# Tyre sun-shades - are they necessary?



## merfy (Mar 12, 2009)

I've seen many motorhomes with sun-shades over their wheels - is this just another gimmick ans something else to buy and carry around?


----------



## geraldandannie (Jun 4, 2006)

Hi Merfy

There is some evidence (I think - I seem to remember a thread on here  ) that UV from the sun degrades the sidewalls of tyres, especially when the wheels aren't turning often.

As our van is stuck down the side of the house, the tyres don't get much direct sunlight, so I'm not too worried about it. If your van is kept out in the open for weeks at a time, or parked on site for long periods, I would say it was worth covering them up.

Gerald


----------



## Landyman (Apr 3, 2010)

My understanding is that, as the previous poster said, it is the UV that damages the rubber. 
It is recommended that caravan tyres are changed after 5 years, even though there is little tread wear in that time and I guess that the same goes for motorhomes if the mileage is low.
Not such a problem on cars as tyre treads are usually well worn before the UV gets a chance to do much damage.

Landyman.


----------



## DTPCHEMICALS (Jul 24, 2006)

our mh tyres are 5 years old showing some cracks on both sides of vehicle.
No direct sunlight on either side. 14k miles.

Mercedes slk tyres 5 years old kept under cover in carport , walls to both sides. no cracks at all 20k miles. Sidewalls look like new.

Both vehicles on Michelins

not conclusive on age or conditions where the vehicle is kept


Dave p
EDIT
The tyres are original as and when vehicles were purchased new.


----------



## erneboy (Feb 8, 2007)

If you do a small annual mileage they might show damage before they wear out. Not a problem for me at around 15,000 miles annually, Alan.


----------



## Rapide561 (Oct 1, 2005)

*Tyres*

Hi

A friend of mine makes and sells wheel covers. PM me if you want more info.

Russell


----------



## JohnsCrossMotorHomes (Jul 21, 2007)

If a van is standing for some time in a very hot sunny climate like Spain, and black rubber absorbs the suns heat, it is advisable.

Peter


----------



## pomme1 (May 19, 2005)

I have some on my 'van, as the tyres are in full sun when parked on the drive. Taylormade do some very light ones made out of an aluminised material. I think they were £30ish for a set.


----------



## davesport (Nov 12, 2006)

As a non tyre specialist this poses several questions I'd like answers to.

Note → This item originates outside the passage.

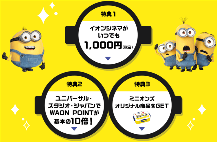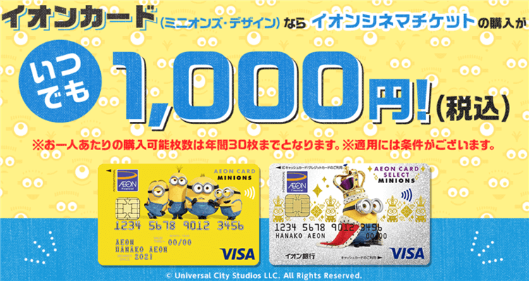 ミニオンズデザインカードは映画が1,000円で見れてUSJの利用でポイント10倍!

How many things can you think of that will degrade or shorten the life of your tyres.

1. UV ?
2. O2 ?
3 Heat cycles ?
4 Hydrocarbons ?

Personally I'll be replacing my tyres after five years irrespective of their outward condition. Is the exposure to UV during this period going to be relevant ?

D.


----------



## lindyloot (May 20, 2007)

Our MH is 5yrs old and low mileage, the side walls are cracked. Theybwere slightly cracked when we brought it in 07. They are michelines.Last Nov when we had it mot'd the tester thought they would do at least another year. As Rich is concerned about them we emailed micheline. They replied that it is the uv rays which crack the sides of the tyres on MH's and if the cracks show the inner cording to send photos to there technical department. They are not as bad as that ..... yet and we are considering changing them  six michelines OMG better get a bank loan lol. :wink: 
Lin


----------



## wobby (May 1, 2005)

We spend a lot of time in the sun so I cover the tyres up. I started doing this when I notice whilst parked at our place in the Dordogne the tyres getting very hot. Now with the covers on they stay nice and cool, much the same as me when I have a large G&T with ice, sorry digress, :wink: I just feel better with the tyres covered, but does it make any differance, I don't know.

Wobby


----------



## EJB (Aug 25, 2007)

I cover the two sunnyside tyres at home. On holiday in Northern Europe, we don't do the sunny south, I don't bother.

I also dogmatically change my Michelin campers every 5 years without fail. :wink:


----------



## teensvan (May 9, 2005)

Hi.

We have just changed all our 6 tyres after 7years of age. All of them had bad cracks in the side walls. The spare that is fitted in the garage has not got one single crack in it. The tyre fitter said no need to change it as it has never been on the road.

steve & ann. -------- teensvan


----------